MetaArray example implementation

In DahnJ/metaarrays, I have provided an example implementation of constructing metaarrays from Icechunk's chunk_coordinates.

See walkthrough.ipynb for a walkthrough of the API.

Integration with VirtualiZarr

The following is a discussion of features of VirtualiZarr that would be needed to support metaarray-like functionality.

Read Icechunk manifests

VirtualiZarr needs to be able to read existing icechunk manifests. The issue earth-mover/icechunk#104 tracks this.

There's also a question around performance of reading all required information for ManifestArray, especially as compared to simply reading the initialized indexes through chunk_coordinates.

Subsetting in the label space

There is discussion (#51) and an implementation in #499
of being able to slice along chunk boundaries.

I still haven't looked into this in detail. How VirtualiZarr and MetaArrays represent the indexes is arguably the greatest difference

  • VirtualiZarr indexes individual pixels in label space
  • MetaArrays index chunks in label space

It's a question of whether the limitation of slicing only along chunk boundaries can be lifted. The user should be able to simply ask for any chunks intersecting the query's area and ideally also be able to provide a polygon as a query.

Optimization: Reading a subset

In earth-mover/icechunk#401 it is argued that 100 million chunks should cover everyone's needs.

However, the number of chunks in our datasets frequently goes into billions (largest is 600B), with at most 100s of millions of initialized chunks.

This might seem excessive, but incrementally-populated arrays bring a natural push towards small chunks. This is because chunk is the smallest writable unit – otherwise we would end up with partially-initialized chunks, which would make it difficult to reason about which data has been populated.

Furthermore, for certain usecases, such as visualisation, it is preferable to have small chunks.

Monthly time-series of high-resolution multi-band data can thus easily start getting into billion of chunks.

Optimization: Requests a subset of the manifest

Reading all manifests when we only need a subset is wasteful. This would have to be a feature of Icechunk and the manifest data format.

This is perhaps not necessary in the case of chunk_coordinates, which can fetch 10s of millions of initialized chunks in seconds. It might however be necessary if we wanted to load datasets with billions+ of (mostly unitialized) chunks into the ManifestArray.

Discussion

I would love to see MetaArrays dissolve into existing FOSS tooling.

However, it's not clear that VirtualiZarr and MetaArrays overlap sufficiently. Right now, it seems to me that MetaArrays would have to be a whole new duck array implementation alongside ManifestArray, including it's own reading method using chunk_coordinates. Perhaps that's stretching the responsibility of VirtualiZarr too far. I will still look into VirtualiZarr more to get a better idea about that.

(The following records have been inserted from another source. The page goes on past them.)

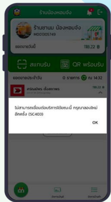
กรณียกเลิกรายการไม่สำเร็จ

2) กรณียกเลิกการขายสินค้าไม่สำเร็จ (ระบบขัดข้อง/ปัญหาการเชื่อมต่อ) ระบบจะแสดงข้อความ “ไม่สามารถเชื่อมต่อบริการได้” โดยระบบจะไม่บันทึกรายการ Void และร้านค้าสามารถทำรายการ Void ใหม่ได้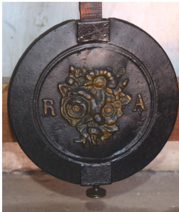
Lente de Avance y Retroceso , con ramillete de flores característico del autor del reloj de Agaete.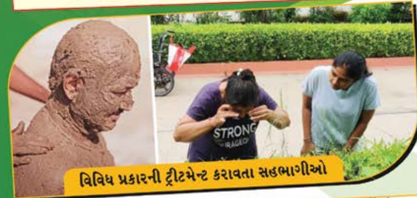
વિવિધ પ્રકારની ટ્રીટમેન્ટ કરાવતા સહભાગીઓ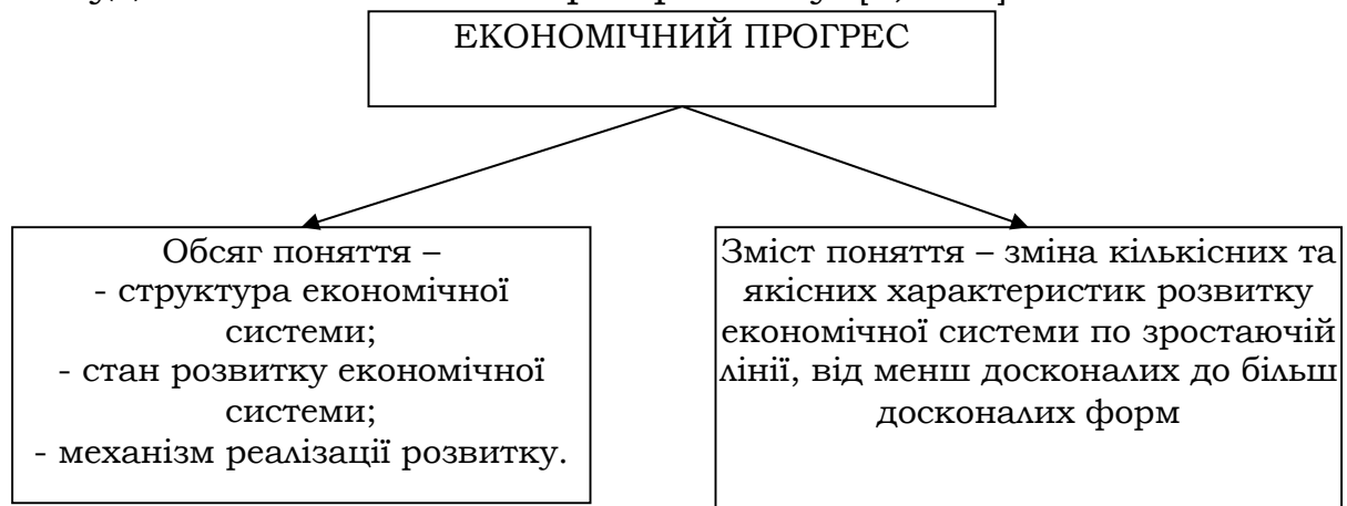
Рис. 3. Основні структурні елементи поняття «економічний прогрес»

Саме економічний прогрес, на думку багатьох економістів, закладено в основу суспільного прогресу, який, крім економічного поступального розвитку, передбачає соціальний, політичний, правовий, культурний, духовний тощо. Зокрема, російські економісти А.В.Бузгалін та А.І.Колгонов розглядають економічний прогрес «...як історично існуючу...основу суспільного прогресу, при цьому постійно акцентуючи увагу на тому, що люди та їх об'єднання самі створюють свою історію за об'єктивними законами, що економічно ніколи не було єдиним, а в перспективі і не буде головним каталізатором розвитку» [8, с.81].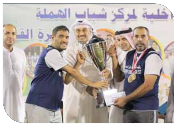
جانب من التتويج

لضربات الجزاء، لتنتهي المباراة بالتعادل السلبي ويلجأ الفريقان لضربات الجزاء حيث تقدم في البداية هابي، لكن براءة الحارس الجديد علي خليل حالت دون ذلك، ليختمها الحارس علي خليل بتسديد الركلة الأخيرة والتي رجحت كفة رفيف، حيث أكد رفيف أنه فريق بطولات وقادم بقوة ليحقق الفوز مثبته جدارته بالفوز حيث فاجأ لاعبي فريق هابي الذين كانوا يتوقعون فوزهم بالمباراة، لتنتهي المباراة بفوز رفيف، ويتوج بطلاً لكبار الهمة الكروية وهاي وصيفاً للبطول لهذا العام.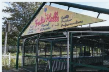
Un nom a été donné au marché, courant octobre.

Le renforcement du marché s'inscrit dans une « volonté globale de dynamiser le centre de la commune ». Tout près de là, la rue de Paris et la rue du Marché sont depuis peu sonorisées, par exemple, pour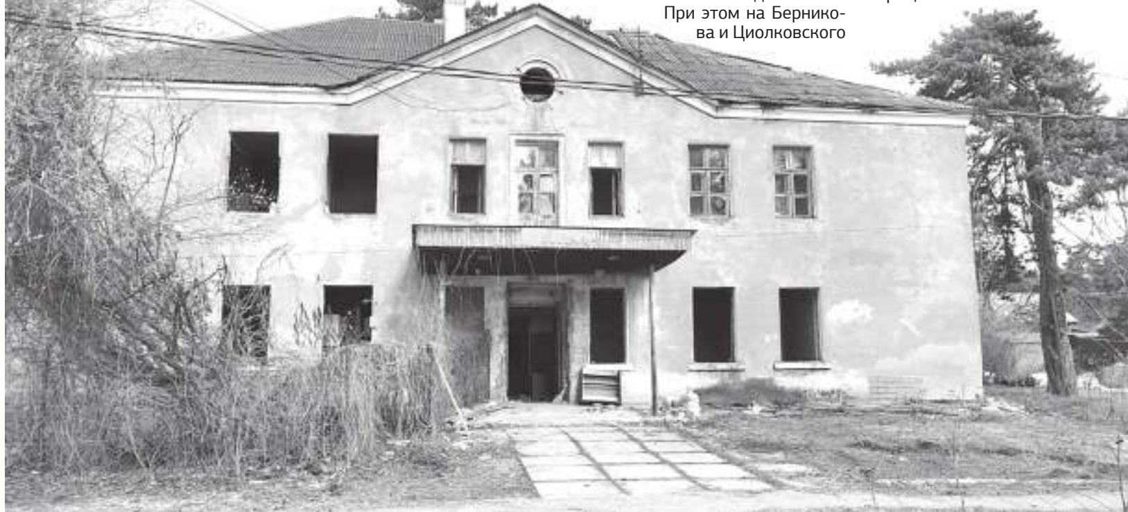
Первыми на аукцион поступят документы на здание по адресу: улица Берникова, 122. На его месте появится большой по площади и этажности дом

Также она поделилась новостью о создании в Боровске образовательного технического колледжа. Он должен появиться в микрорайоне Роща и будет готовить специалистов в сфере современных технологий: IT и робототехники. Под его строительство город выделил чуть более гектара земли.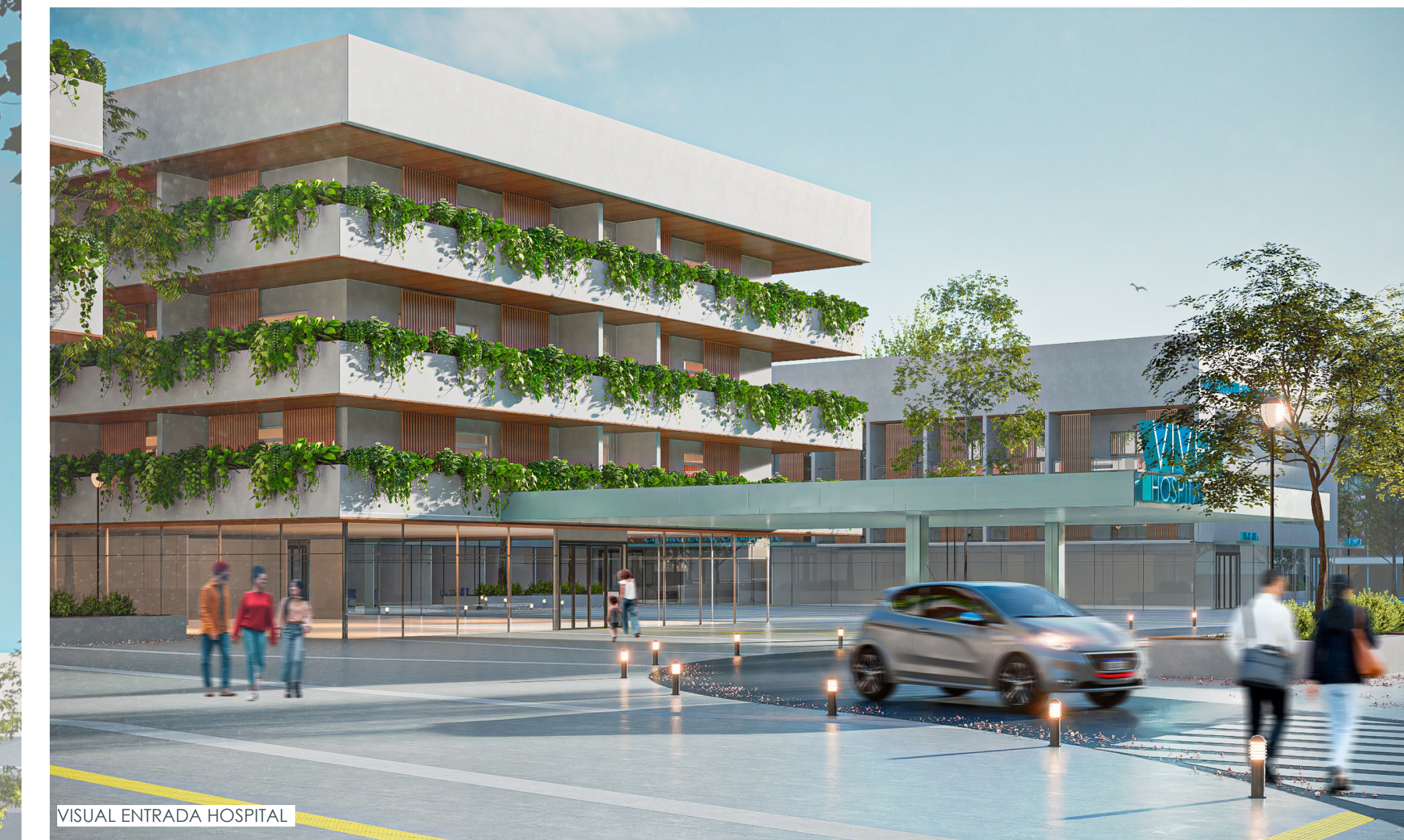
VISUAL ENTRADA HOSPITAL

A big question for me is to what extent any of this is useful to others. Perhaps MetaArrays are too tailored for our specific usecase and only subsets of the functionality should be open-sourced.

The Mapper class (see walkthrough.ipynb) could be a good example. However, it is not clear to me where it would live. Since it deals with label space, it belongs at the level of Xarray rather than Zarr itself. Or perhaps a translation between pixel and chunk indices could live in Zarr itself, making the implementation of MetaArrays easier whilst potentially being useful to other usecases.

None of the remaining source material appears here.